__What to work on__. Determine which lines of the records include the word "with", and copy them.

[[ Data for this task open ]]

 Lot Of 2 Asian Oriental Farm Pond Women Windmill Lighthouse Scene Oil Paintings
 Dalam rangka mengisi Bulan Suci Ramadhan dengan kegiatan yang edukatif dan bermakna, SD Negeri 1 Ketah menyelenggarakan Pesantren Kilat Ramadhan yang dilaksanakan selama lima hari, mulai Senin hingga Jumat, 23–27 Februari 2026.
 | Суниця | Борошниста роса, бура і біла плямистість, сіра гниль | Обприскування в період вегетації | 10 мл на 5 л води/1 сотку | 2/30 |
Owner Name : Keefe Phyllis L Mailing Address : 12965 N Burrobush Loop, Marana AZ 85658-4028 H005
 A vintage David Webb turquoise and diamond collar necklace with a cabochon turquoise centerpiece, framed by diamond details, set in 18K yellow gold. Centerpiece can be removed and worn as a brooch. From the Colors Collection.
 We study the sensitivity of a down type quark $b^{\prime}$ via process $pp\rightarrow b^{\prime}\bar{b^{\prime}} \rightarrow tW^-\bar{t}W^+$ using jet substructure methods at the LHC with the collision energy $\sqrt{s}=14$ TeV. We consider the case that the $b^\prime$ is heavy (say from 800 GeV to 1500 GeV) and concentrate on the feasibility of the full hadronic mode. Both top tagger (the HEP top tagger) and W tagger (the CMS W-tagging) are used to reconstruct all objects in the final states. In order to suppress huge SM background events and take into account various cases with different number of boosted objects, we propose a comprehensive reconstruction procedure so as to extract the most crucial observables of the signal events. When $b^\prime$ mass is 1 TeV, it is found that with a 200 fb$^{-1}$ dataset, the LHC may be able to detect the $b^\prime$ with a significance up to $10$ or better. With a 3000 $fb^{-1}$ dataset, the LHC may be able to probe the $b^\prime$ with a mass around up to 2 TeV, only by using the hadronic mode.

[[ Data for this task closed ]]

__Written solution__.
 A vintage David Webb turquoise and diamond collar necklace with a cabochon turquoise centerpiece, framed by diamond details, set in 18K yellow gold. Centerpiece can be removed and worn as a brooch. From the Colors Collection.
 We study the sensitivity of a down type quark $b^{\prime}$ via process $pp\rightarrow b^{\prime}\bar{b^{\prime}} \rightarrow tW^-\bar{t}W^+$ using jet substructure methods at the LHC with the collision energy $\sqrt{s}=14$ TeV. We consider the case that the $b^\prime$ is heavy (say from 800 GeV to 1500 GeV) and concentrate on the feasibility of the full hadronic mode. Both top tagger (the HEP top tagger) and W tagger (the CMS W-tagging) are used to reconstruct all objects in the final states. In order to suppress huge SM background events and take into account various cases with different number of boosted objects, we propose a comprehensive reconstruction procedure so as to extract the most crucial observables of the signal events. When $b^\prime$ mass is 1 TeV, it is found that with a 200 fb$^{-1}$ dataset, the LHC may be able to detect the $b^\prime$ with a significance up to $10$ or better. With a 3000 $fb^{-1}$ dataset, the LHC may be able to probe the $b^\prime$ with a mass around up to 2 TeV, only by using the hadronic mode.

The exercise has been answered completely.